2025-02-07 13:23:27 +01:00 · 2025-02-07 13:23:27 +01:00 · dd60456580
commit dd60456580
parent e42d590e67
10 changed files with 55 additions and 27 deletions
--- a/tests/corner.png
+++ b/tests/corner.png
--- a/tests/likelihood_scan_a_TFR.png
+++ b/tests/likelihood_scan_a_TFR.png
--- a/tests/likelihood_scan_alpha.png
+++ b/tests/likelihood_scan_alpha.png
--- a/tests/likelihood_scan_b_TFR.png
+++ b/tests/likelihood_scan_b_TFR.png
--- a/tests/likelihood_scan_sigma_TFR.png
+++ b/tests/likelihood_scan_sigma_TFR.png
--- a/tests/likelihood_scan_sigma_v.png
+++ b/tests/likelihood_scan_sigma_v.png
--- a/tests/tfr_inference.py
+++ b/tests/tfr_inference.py
@ -199,6 +199,7 @@ def create_mock(Nt, L, xmin, cpar, dens, vel, Rmax, alpha, mthresh,
        - all_mobs (np.ndarrary): Observed apparent magnitudes of the tracers (shape = (Nt,))
        - all_etaobs (np.ndarrary): Observed linewidths of the tracers (shape = (Nt,))
        - all_xtrue (np.ndarrary): True comoving coordinates of the tracers (Mpc/h) (shape = (3, Nt))
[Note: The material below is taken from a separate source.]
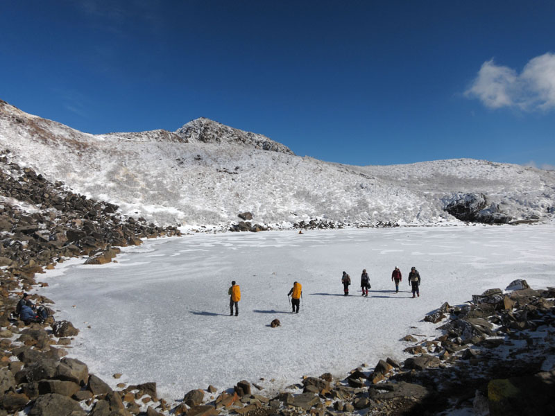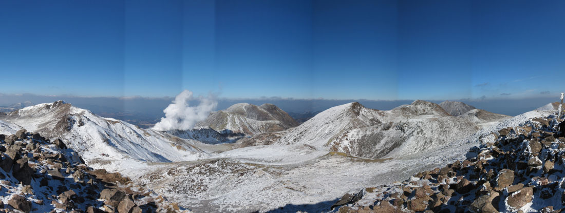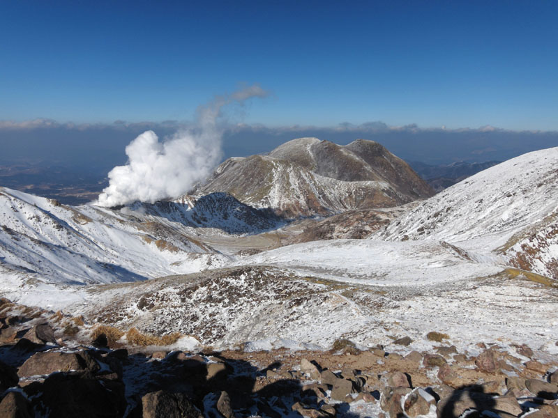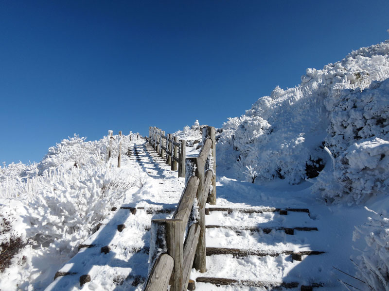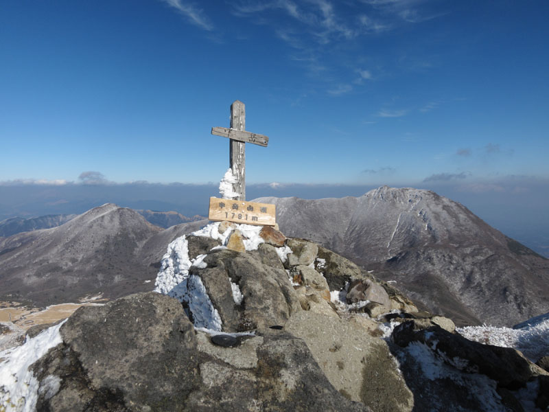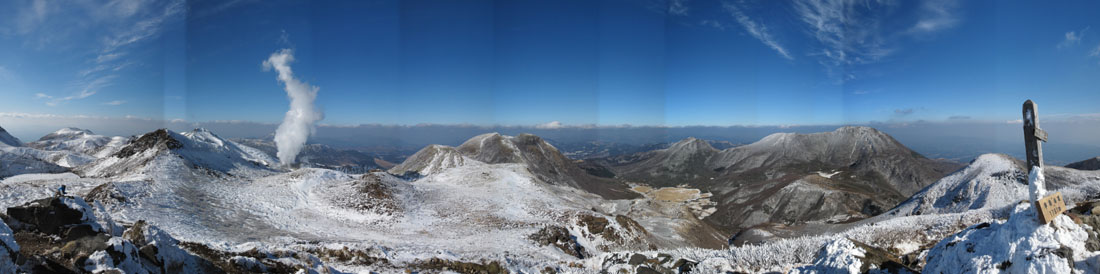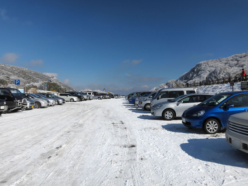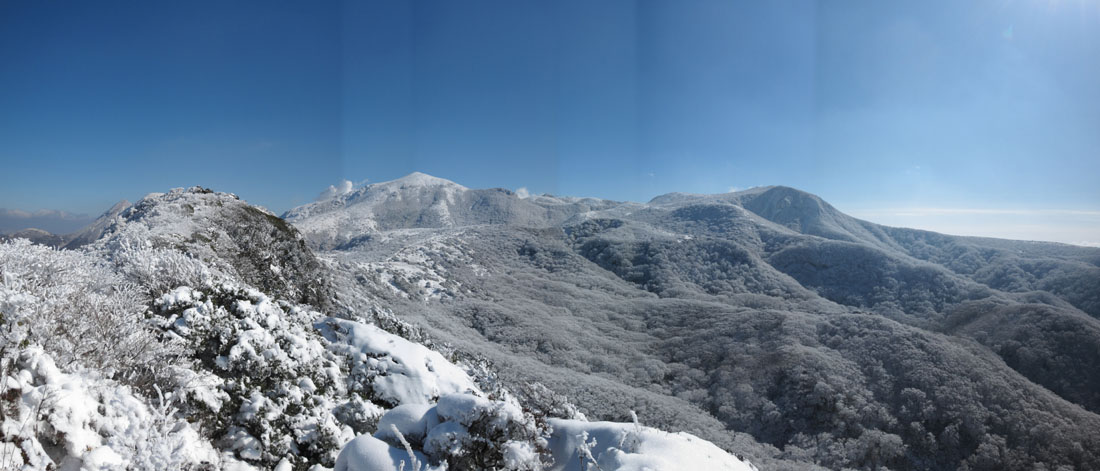 九州本土最高峰ということで、日本海側の季節風があたるために降雪量は多い。

+        - vbulk (np.ndarray): The bulk velocity of the box (km/s)
    
    """
    
@ -292,6 +293,12 @@ def create_mock(Nt, L, xmin, cpar, dens, vel, Rmax, alpha, mthresh,
        
        myprint(f'\tMade {accepted_count} of {Nt}')
        
+    # Obtain a bulk velocity
+    vhat = np.random.randn(3)
+    vhat = vhat / np.linalg.norm(vhat)
+    vbulk = np.random.randn() * utils.get_sigma_bulk(L, cpar)
+    vbulk = vhat * vbulk
+        
    # Get the radial component of the peculiar velocity at the positions of the objects
    myprint('Obtaining peculiar velocities')
    tracer_vel = projection.interp_field(
@ -301,6 +308,8 @@ def create_mock(Nt, L, xmin, cpar, dens, vel, Rmax, alpha, mthresh,
                            np.array([xmin, xmin, xmin]),
                            interp_order
                            ) # km/s
+    myprint('Adding bulk velocity')
+    tracer_vel = tracer_vel + vbulk[:,None,None]
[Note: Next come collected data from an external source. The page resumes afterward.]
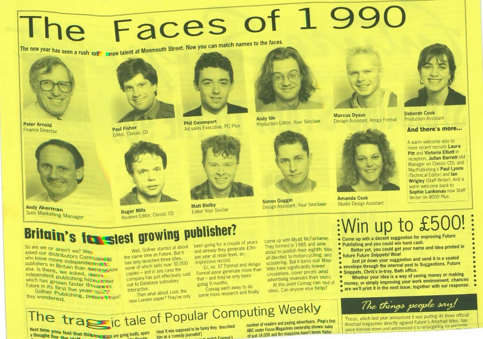 Future’s internal newsletter, featuring the “Faces Of 1990”. Future moved to is famous Monmouth Street offices in Bath over New Year 1989/90. The building was supposed to be big enough to house new magazines for a few years to come. But it was full within 7 months as new staff and titles were aggressively launched. That included, of course, Commodore Format in the Autumn.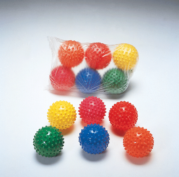 Pallina di gomma bugnata colorata, diametro 12 cm, peso gr 100.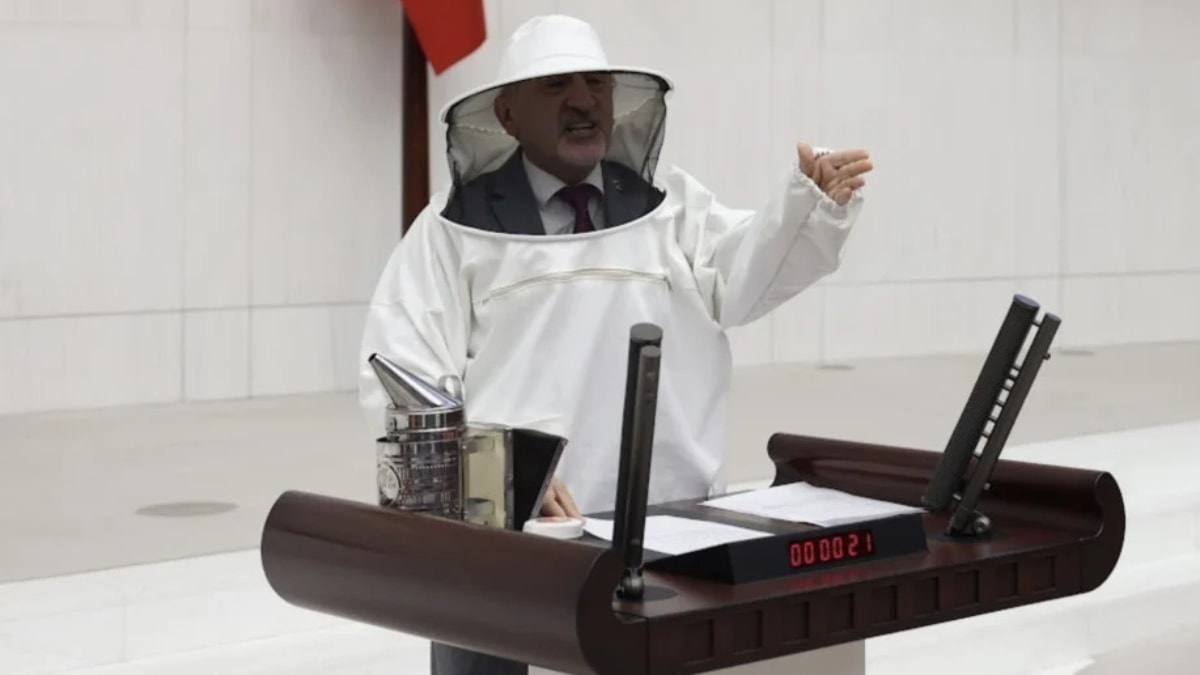 Adıgüzel'in konuşmasının sonunda arıcı kıyafeti giydi.

    myprint('Radial projection')
    vr_true = np.squeeze(projection.project_radial(
                            tracer_vel,
@ -316,7 +325,7 @@ def create_mock(Nt, L, xmin, cpar, dens, vel, Rmax, alpha, mthresh,
    vr_noised = vr_true + sigma_v * np.random.randn(Nt)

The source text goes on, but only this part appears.